Segment Start: Recorded information

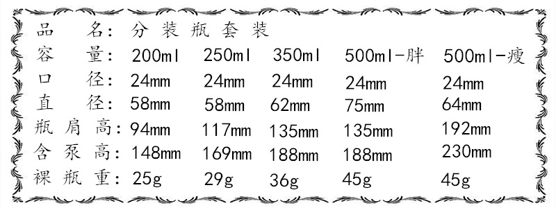 Modelo de especificaciónBomba de aceite blanco DP200ml; blanco (botella desnuda predeterminada sin pegatina),Bomba de aceite negro DP200ml; blanco (botella desnuda predeterminada sin pegatina),Bomba de aceite de oro DP200ml; blanco (botella desnuda predeterminada sin pegatina),Bomba de aceite de plata DP200ml; blanco (botella desnuda predeterminada sin pegatina),DP200ml ABS chapado en oro; blanco (botella desnuda predeterminada sin pegatina),DP200ml ABS plateado; blanco (botella desnuda predeterminada sin pegatina),DP200ml ABS oro rosa; blanco (botella desnuda predeterminada sin pegatina),Bomba de aceite blanco DP250 ml; blanco (botella desnuda predeterminada sin pegatina),Bomba de aceite negro DP250 ml; blanco (botella desnuda predeterminada sin pegatina),Bomba de aceite de oro DP250 ml; blanco (botella desnuda predeterminada sin pegatina),Bomba de aceite de plata DP250 ml; blanco (botella desnuda predeterminada sin pegatina),DP250 ml ABS chapado en oro; blanco (botella desnuda predeterminada sin pegatina),DP250 ml ABS plateado; blanco (botella desnuda predeterminada sin pegatina),DP250ml ABS oro rosa; blanco (botella desnuda predeterminada sin pegatina),Bomba de aceite blanco DP350ml; blanco (botella desnuda predeterminada sin pegatina),Bomba de aceite negro DP350ml; blanco (botella desnuda predeterminada sin pegatina),Bomba de aceite de oro DP350ml; blanco (botella desnuda predeterminada sin pegatina),Bomba de aceite de plata DP350ml; blanco (botella desnuda predeterminada sin pegatina),DP350ml ABS chapado en oro; blanco (botella desnuda predeterminada sin pegatina),DP350ml ABS plateado; blanco (botella desnuda predeterminada sin pegatina),DP350ml ABS oro rosa; blanco (botella desnuda predeterminada sin pegatina),Bomba de aceite blanco DP500ml; blanco (botella desnuda predeterminada sin pegado),Bomba de aceite blanco MG500ml; blanco (botella desnuda predeterminada sin pegatina),Bomba de aceite negro DP500ml; blanco (botella desnuda predeterminada sin pegatina),Bomba de aceite negro MG500ml; blanco (botella desnuda predeterminada sin pegatina),Bomba de aceite de oro DP500ml; blanco (botella desnuda predeterminada sin pegatina),Bomba de aceite de oro MG500ml; blanco (botella desnuda predeterminada sin pegatina),Bomba de aceite de plata DP500ml; blanco (botella desnuda predeterminada sin pegatina),Bomba de aceite de plata MG500ml; blanco (botella desnuda predeterminada sin pegatina),DP500ml ABS chapado en oro; blanco (botella desnuda predeterminada sin pegatina),MG500ml ABS chapado en oro; blanco (botella desnuda predeterminada sin pegatina),DP500ml ABS plateado; blanco (botella desnuda predeterminada sin pegatina),MG500ml ABS plateado; blanco (por defecto botella desnuda sin pegatina),DP500ml ABS oro rosa; blanco (botella desnuda predeterminada sin pegatina),MG500ml ABS oro rosa; blanco (botella desnuda predeterminada sin pegatina)
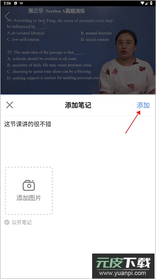 3、在笔记编辑界面,填写文字内容并添加图片;笔记可设置为公开或仅自己可见。编辑完成后,点击右上角“添加”按钮保存笔记。
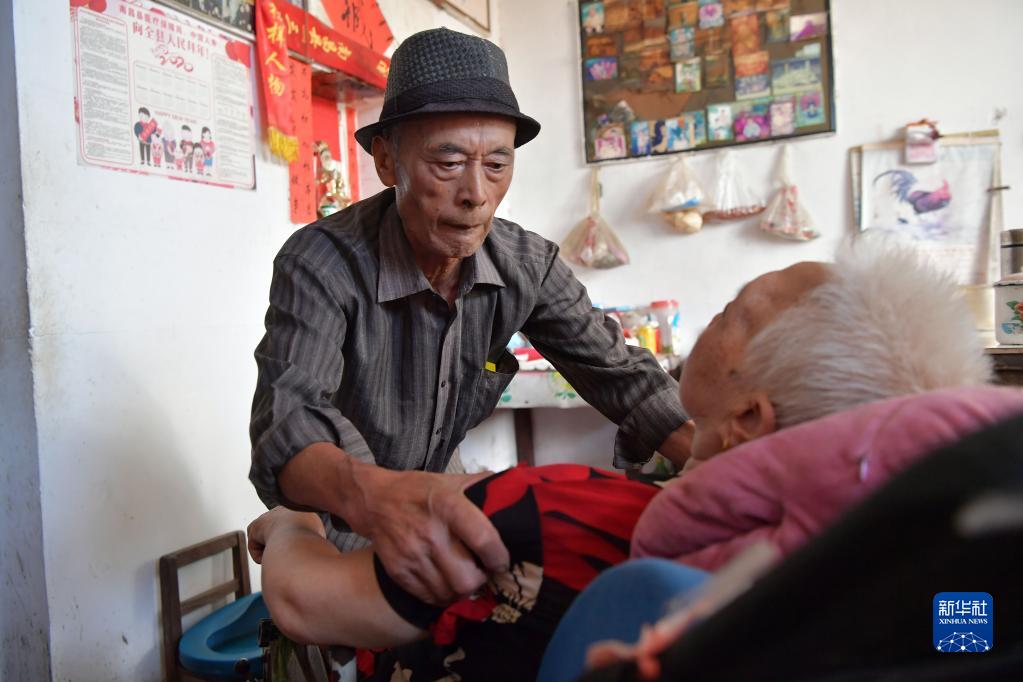 在江西省南昌縣三江鎮徐羅村,羅安民準備推老伴外出曬太陽(yáng)(9月5日攝)。
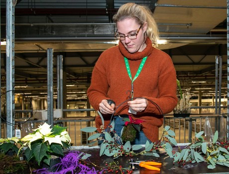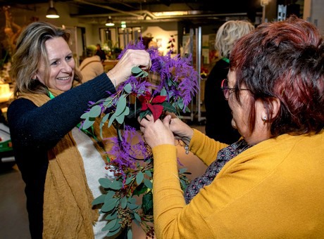Met deze ‘do’s and don’ts’ van het etaleren vers in het hoofd gingen de deelnemers vervolgens zelf aan de slag. In korte tijd resulteerde dat in verrassende arrangementen met Amaryllis of Poinsettia én een aantal hippe kerstkransen.
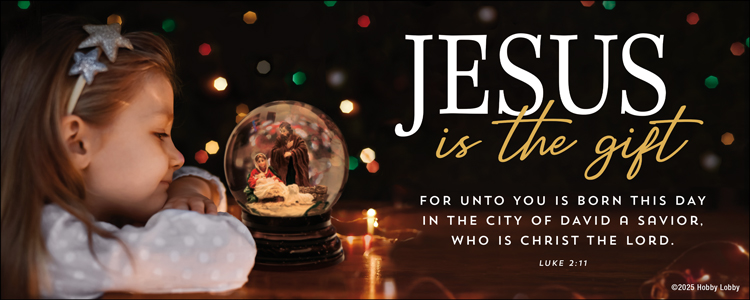 Hobby Lobby’s Christmas message features the words “Jesus is the gift” with a scripture from Luke 2:11, “For unto you is born this day in the City of David a Savior, who is Christ the Lord.”
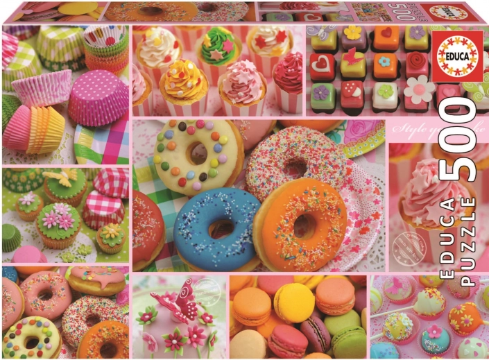 Zrelaksuj się przy kolorowym obrazie pełnym słodkości – puzzle EDUCA Słodka impreza o 500 elementach są idealne do odpoczynku i treningu koncentracji. W zestawie znajdziesz także klej FIX PUZZLE gratis do łatwego utrwalenia gotowego obrazka o wymiarach ok. 48 × 34 cm.
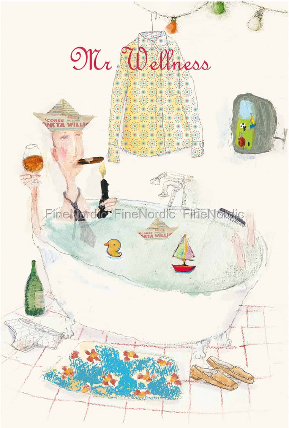 Hübsche Karte mit Umschlag, süßem Motiv und Aufdruck "Mr. Wellness" von Maileg.
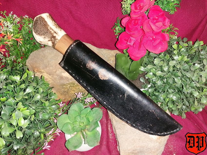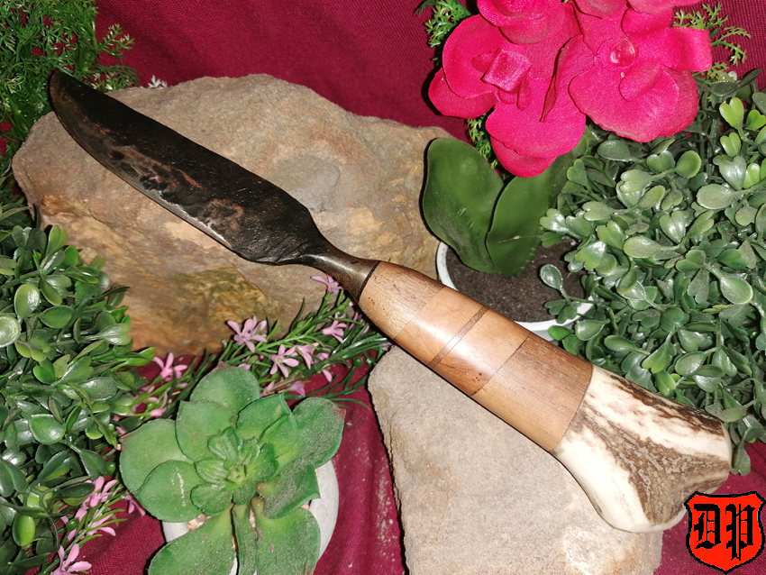 Der Griff wurde ebenfalls in Handarbeit hergestellt und besteht Geweih und Hartholz.
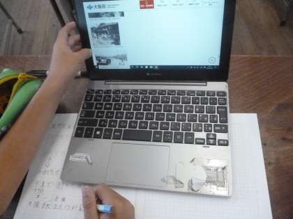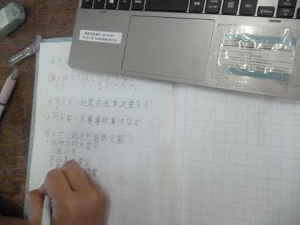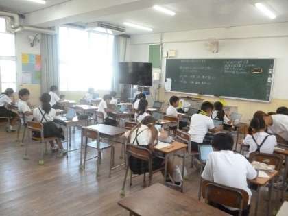 4年2組では社会科の時間に大阪で起こった自然災害についてタブレットで調べていました。6年前の台風21号や大阪府北部地震が検索されたようです。4年生の子どもたちには、ほとんど記憶にないようです。さらに、ジェーン台風も出てきました。当時の被害について調べて、被害を防ぐための人々の工夫についても知ってほしいと思います。
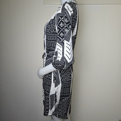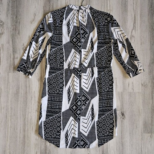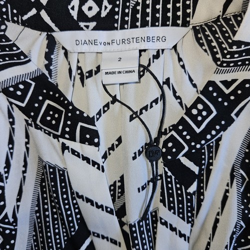 - Diane Von Furstenberg Freya Silk Dress Womens 2 Black Ethnic Print 3/4 Sleeve
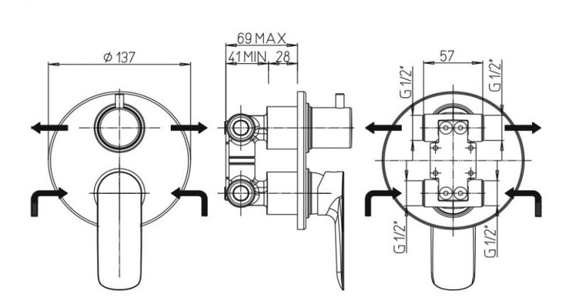 • Встраиваемый монтаж скрывает все соединения и оставляет на виду только рычаг управления, что добавляет в интерьер дизайнерский акцент, экономя пространство.
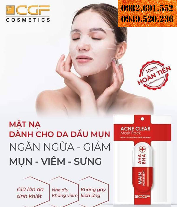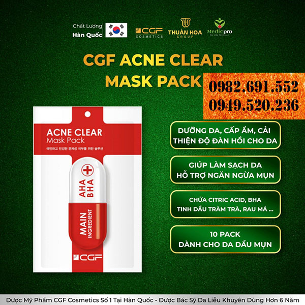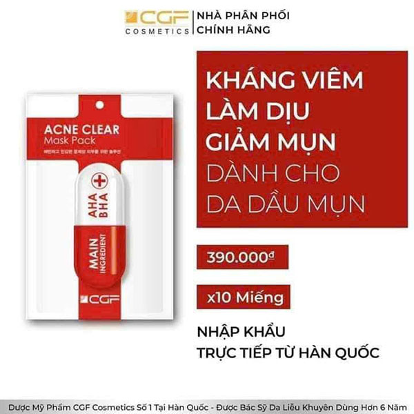 Mặt nạ CGF Ance Clear Mask - Dành cho da mụn và da nhạy cảm Công Dụng mask - Giảm Mụn Cám, Mụn Đầu Đen, Se Cồi Mụn - Giảm Sưng Mụn, Làm Sạch Dầu Nhờn, Se Khít Lỗ Chân Lông, Kiềm Dầu - Kháng Khuẩn Ngăn Chặn Tình Trạng Viêm Sưng - Phục Hồi...
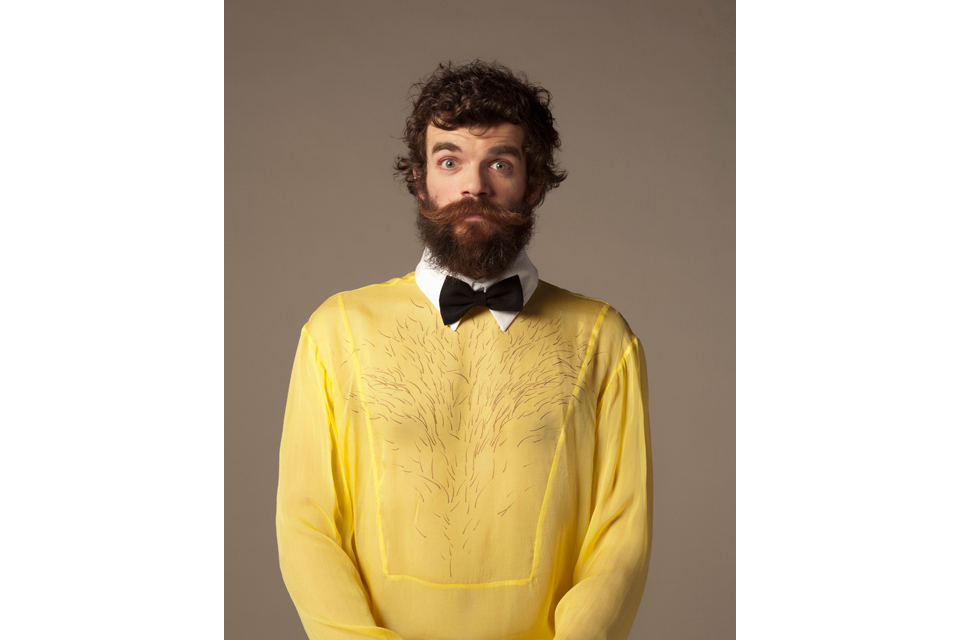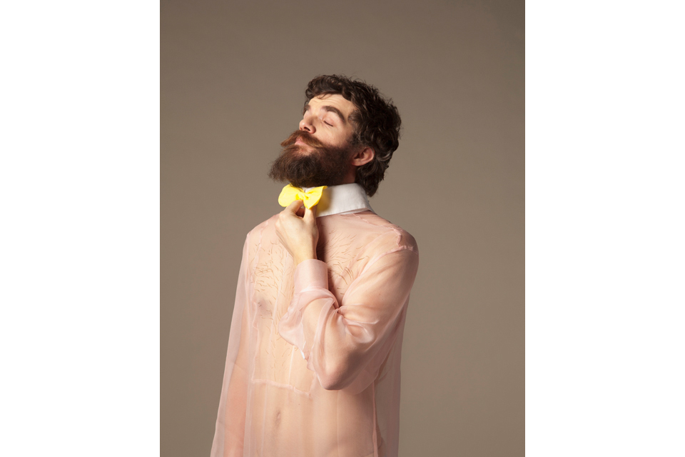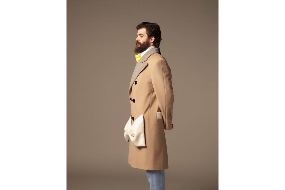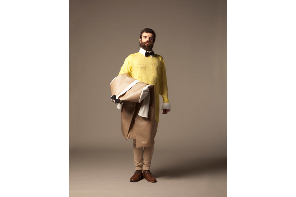 Breite Schultern, offene Hemden, Brusthaar. Glitzer, Flitter, enge Hosen. Das sind die 80er Jahre. Ich habe die V-Silhouette und die für mich typischen Charakteristika aufgegriffen und neu interpretiert. Legere Jacken wurden ersetzt durch klassische Mantelformen. Brusthaar quillt nicht aus offenen Ausschnitten, sondern wird direkt auf den Stoff gedruckt, sowohl auf die Brust als auch auf den Rücken. Die Farben sind zurückgenommen, damit die Form sich ungestört entfalten kann: beige, creme, taubenblau, rosé, zitronengelb. Fließender Seidenchiffon und feine Wollstoffe unterstreichen zugleich den femininen Charakter dieser Zeit. Die Fliege, zugleich die Schleife, verwirrt im Spiel um Männlichkeit und Weiblichkeit.

Segment End: Recorded information

■ Description of the task
Please copy the data above exactly, omitting the pictures.

■ Output for this task
 Modelo de especificaciónBomba de aceite blanco DP200ml; blanco (botella desnuda predeterminada sin pegatina),Bomba de aceite negro DP200ml; blanco (botella desnuda predeterminada sin pegatina),Bomba de aceite de oro DP200ml; blanco (botella desnuda predeterminada sin pegatina),Bomba de aceite de plata DP200ml; blanco (botella desnuda predeterminada sin pegatina),DP200ml ABS chapado en oro; blanco (botella desnuda predeterminada sin pegatina),DP200ml ABS plateado; blanco (botella desnuda predeterminada sin pegatina),DP200ml ABS oro rosa; blanco (botella desnuda predeterminada sin pegatina),Bomba de aceite blanco DP250 ml; blanco (botella desnuda predeterminada sin pegatina),Bomba de aceite negro DP250 ml; blanco (botella desnuda predeterminada sin pegatina),Bomba de aceite de oro DP250 ml; blanco (botella desnuda predeterminada sin pegatina),Bomba de aceite de plata DP250 ml; blanco (botella desnuda predeterminada sin pegatina),DP250 ml ABS chapado en oro; blanco (botella desnuda predeterminada sin pegatina),DP250 ml ABS plateado; blanco (botella desnuda predeterminada sin pegatina),DP250ml ABS oro rosa; blanco (botella desnuda predeterminada sin pegatina),Bomba de aceite blanco DP350ml; blanco (botella desnuda predeterminada sin pegatina),Bomba de aceite negro DP350ml; blanco (botella desnuda predeterminada sin pegatina),Bomba de aceite de oro DP350ml; blanco (botella desnuda predeterminada sin pegatina),Bomba de aceite de plata DP350ml; blanco (botella desnuda predeterminada sin pegatina),DP350ml ABS chapado en oro; blanco (botella desnuda predeterminada sin pegatina),DP350ml ABS plateado; blanco (botella desnuda predeterminada sin pegatina),DP350ml ABS oro rosa; blanco (botella desnuda predeterminada sin pegatina),Bomba de aceite blanco DP500ml; blanco (botella desnuda predeterminada sin pegado),Bomba de aceite blanco MG500ml; blanco (botella desnuda predeterminada sin pegatina),Bomba de aceite negro DP500ml; blanco (botella desnuda predeterminada sin pegatina),Bomba de aceite negro MG500ml; blanco (botella desnuda predeterminada sin pegatina),Bomba de aceite de oro DP500ml; blanco (botella desnuda predeterminada sin pegatina),Bomba de aceite de oro MG500ml; blanco (botella desnuda predeterminada sin pegatina),Bomba de aceite de plata DP500ml; blanco (botella desnuda predeterminada sin pegatina),Bomba de aceite de plata MG500ml; blanco (botella desnuda predeterminada sin pegatina),DP500ml ABS chapado en oro; blanco (botella desnuda predeterminada sin pegatina),MG500ml ABS chapado en oro; blanco (botella desnuda predeterminada sin pegatina),DP500ml ABS plateado; blanco (botella desnuda predeterminada sin pegatina),MG500ml ABS plateado; blanco (por defecto botella desnuda sin pegatina),DP500ml ABS oro rosa; blanco (botella desnuda predeterminada sin pegatina),MG500ml ABS oro rosa; blanco (botella desnuda predeterminada sin pegatina)
 3、在笔记编辑界面,填写文字内容并添加图片;笔记可设置为公开或仅自己可见。编辑完成后,点击右上角“添加”按钮保存笔记。
 在江西省南昌縣三江鎮徐羅村,羅安民準備推老伴外出曬太陽(yáng)(9月5日攝)。
Met deze ‘do’s and don’ts’ van het etaleren vers in het hoofd gingen de deelnemers vervolgens zelf aan de slag. In korte tijd resulteerde dat in verrassende arrangementen met Amaryllis of Poinsettia én een aantal hippe kerstkransen.
 Hobby Lobby’s Christmas message features the words “Jesus is the gift” with a scripture from Luke 2:11, “For unto you is born this day in the City of David a Savior, who is Christ the Lord.”
 Zrelaksuj się przy kolorowym obrazie pełnym słodkości – puzzle EDUCA Słodka impreza o 500 elementach są idealne do odpoczynku i treningu koncentracji. W zestawie znajdziesz także klej FIX PUZZLE gratis do łatwego utrwalenia gotowego obrazka o wymiarach ok. 48 × 34 cm.
 Hübsche Karte mit Umschlag, süßem Motiv und Aufdruck "Mr. Wellness" von Maileg.
 Der Griff wurde ebenfalls in Handarbeit hergestellt und besteht Geweih und Hartholz.
 4年2組では社会科の時間に大阪で起こった自然災害についてタブレットで調べていました。6年前の台風21号や大阪府北部地震が検索されたようです。4年生の子どもたちには、ほとんど記憶にないようです。さらに、ジェーン台風も出てきました。当時の被害について調べて、被害を防ぐための人々の工夫についても知ってほしいと思います。
 - Diane Von Furstenberg Freya Silk Dress Womens 2 Black Ethnic Print 3/4 Sleeve
 • Встраиваемый монтаж скрывает все соединения и оставляет на виду только рычаг управления, что добавляет в интерьер дизайнерский акцент, экономя пространство.
 Mặt nạ CGF Ance Clear Mask - Dành cho da mụn và da nhạy cảm Công Dụng mask - Giảm Mụn Cám, Mụn Đầu Đen, Se Cồi Mụn - Giảm Sưng Mụn, Làm Sạch Dầu Nhờn, Se Khít Lỗ Chân Lông, Kiềm Dầu - Kháng Khuẩn Ngăn Chặn Tình Trạng Viêm Sưng - Phục Hồi...
 Breite Schultern, offene Hemden, Brusthaar. Glitzer, Flitter, enge Hosen. Das sind die 80er Jahre. Ich habe die V-Silhouette und die für mich typischen Charakteristika aufgegriffen und neu interpretiert. Legere Jacken wurden ersetzt durch klassische Mantelformen. Brusthaar quillt nicht aus offenen Ausschnitten, sondern wird direkt auf den Stoff gedruckt, sowohl auf die Brust als auch auf den Rücken. Die Farben sind zurückgenommen, damit die Form sich ungestört entfalten kann: beige, creme, taubenblau, rosé, zitronengelb. Fließender Seidenchiffon und feine Wollstoffe unterstreichen zugleich den femininen Charakter dieser Zeit. Die Fliege, zugleich die Schleife, verwirrt im Spiel um Männlichkeit und Weiblichkeit.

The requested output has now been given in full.